Record excerpts ::
----

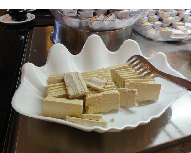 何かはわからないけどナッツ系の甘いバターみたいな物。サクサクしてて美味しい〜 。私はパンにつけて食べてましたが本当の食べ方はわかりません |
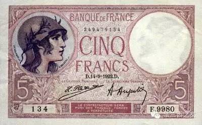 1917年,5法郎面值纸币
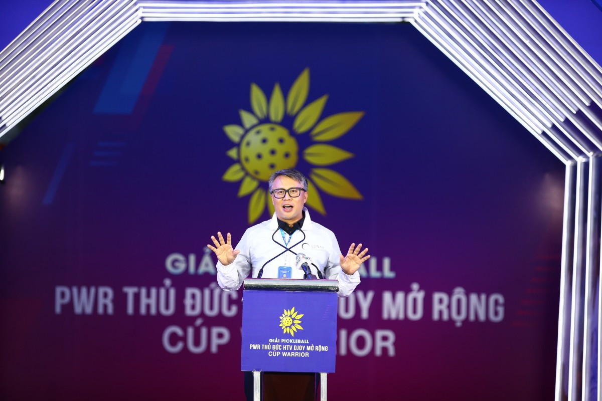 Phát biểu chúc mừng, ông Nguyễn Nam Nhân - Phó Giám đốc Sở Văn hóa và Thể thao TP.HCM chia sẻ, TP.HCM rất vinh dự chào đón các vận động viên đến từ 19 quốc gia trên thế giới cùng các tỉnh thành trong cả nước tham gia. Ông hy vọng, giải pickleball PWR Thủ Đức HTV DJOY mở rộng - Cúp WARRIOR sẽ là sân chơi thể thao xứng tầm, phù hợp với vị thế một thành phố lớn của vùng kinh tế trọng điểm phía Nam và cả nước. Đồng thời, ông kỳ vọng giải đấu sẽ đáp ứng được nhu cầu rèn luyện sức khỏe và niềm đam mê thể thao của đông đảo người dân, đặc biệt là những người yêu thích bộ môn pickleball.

----

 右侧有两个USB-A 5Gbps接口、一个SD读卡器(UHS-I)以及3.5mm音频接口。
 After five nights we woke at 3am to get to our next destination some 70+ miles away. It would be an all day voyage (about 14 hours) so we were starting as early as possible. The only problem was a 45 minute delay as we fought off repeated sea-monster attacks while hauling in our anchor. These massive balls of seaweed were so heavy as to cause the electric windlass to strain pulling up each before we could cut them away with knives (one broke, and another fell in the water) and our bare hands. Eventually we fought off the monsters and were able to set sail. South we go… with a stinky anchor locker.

----

What is needed ::
All that is wanted is an exact copy of the lines above from the one with "右侧有两个USB-A 5Gb" through the one with "After five nights", with both ends included.

Solution ::
 右侧有两个USB-A 5Gbps接口、一个SD读卡器(UHS-I)以及3.5mm音频接口。
 After five nights we woke at 3am to get to our next destination some 70+ miles away. It would be an all day voyage (about 14 hours) so we were starting as early as possible. The only problem was a 45 minute delay as we fought off repeated sea-monster attacks while hauling in our anchor. These massive balls of seaweed were so heavy as to cause the electric windlass to strain pulling up each before we could cut them away with knives (one broke, and another fell in the water) and our bare hands. Eventually we fought off the monsters and were able to set sail. South we go… with a stinky anchor locker.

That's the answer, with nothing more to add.